Recently, computer scientists from the UK Government AI Safety Institute, along with experts from Stanford University, the University of California, Berkeley, and the University of Oxford, conducted an in-depth study of over 440 benchmarks used to evaluate the safety and effectiveness of new artificial intelligence models. They found that almost all tests had flaws in certain areas, which could "undermine the validity of the results," and some test scores may be "irrelevant or misleading."

Image source note: The image was generated by AI
As major technology companies continue to launch new AI systems, public concerns about AI safety and effectiveness are increasing. Currently, neither the United States nor the United Kingdom has implemented nationwide AI regulations, and these benchmarks have become important tools for testing whether new AI systems are safe, align with human interests, and demonstrate their claimed capabilities in reasoning, mathematics, and coding.
The lead author of the study, Andrew Bean from the Oxford Internet Institute, said: "Benchmarking supports almost all claims about AI progress, but the lack of a unified definition and reliable measurement makes it difficult to determine whether a model is truly improving or just appearing to improve." He mentioned that Google recently withdrew its newly launched AI model, Gemma, because the model spread false accusations about U.S. senators, which were entirely fictional.
This is not an isolated incident.
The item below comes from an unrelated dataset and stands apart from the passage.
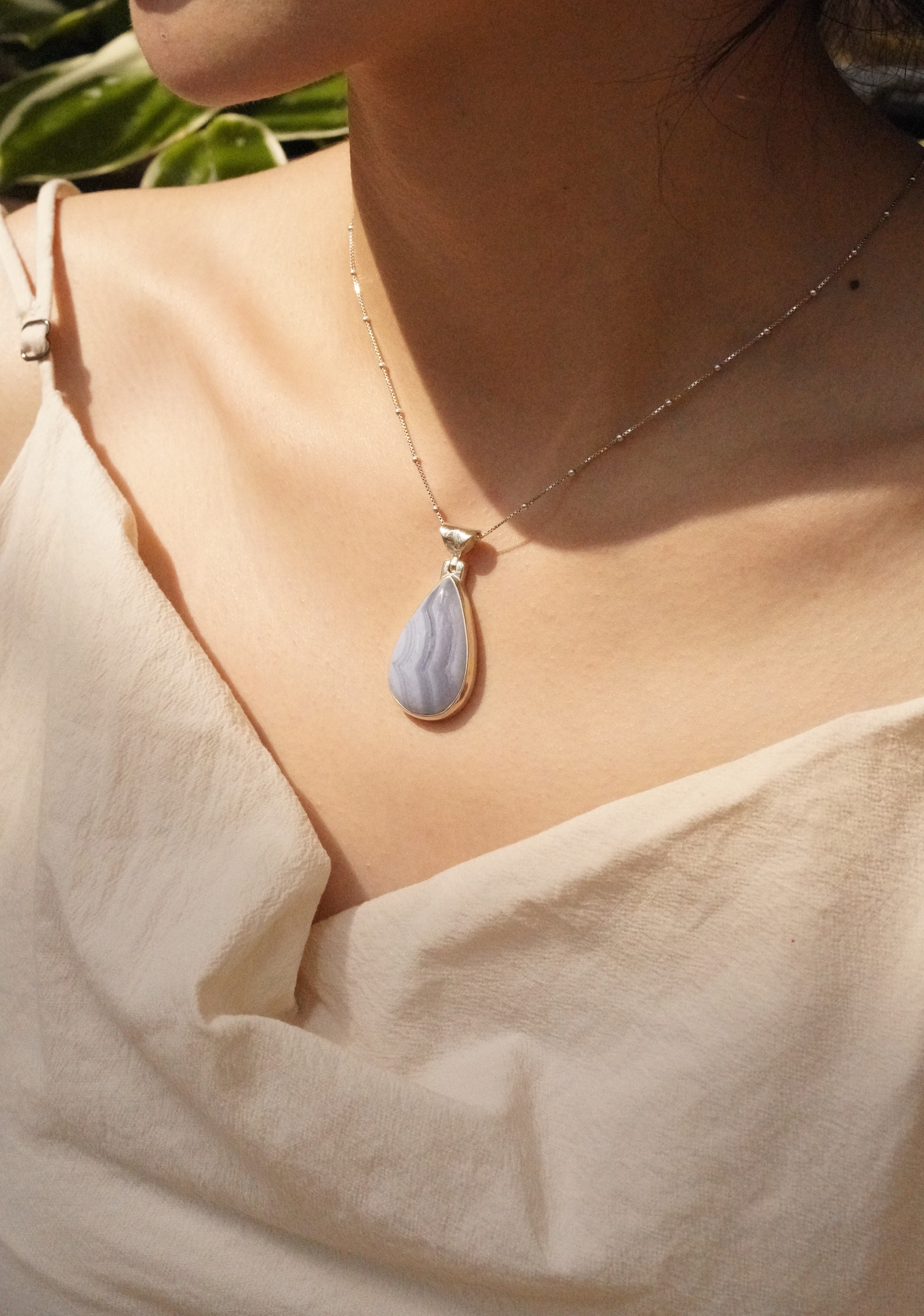 [506][원석포인트][마지막 한점]천연 블루레이스 아게이트 원석 925 실버 물방울 펜던트 1.9 x 2.8cm

Character.ai recently also announced a ban on teenagers having open conversations with its AI chatbots due to controversies involving teenage suicides. The study shows that only 16% of benchmarks use uncertainty estimation or statistical tests to demonstrate their accuracy. In some benchmarks evaluating AI characteristics, concepts like "harmlessness" are ambiguously defined, leading to poor test performance.
Experts are calling for the development of shared standards and best practices to improve the AI evaluation process, ensuring its safety and effectiveness.
Key points:
🌐 The study found that more than 440 AI testing benchmarks have almost all defects, affecting the validity of the results.
🚨 Google's Gemma model was withdrawn due to spreading false accusations, highlighting the urgency of AI regulation.
📊 Only 16% of benchmarks use statistical tests, lacking standardization, and there is an urgent need to improve AI evaluation methods.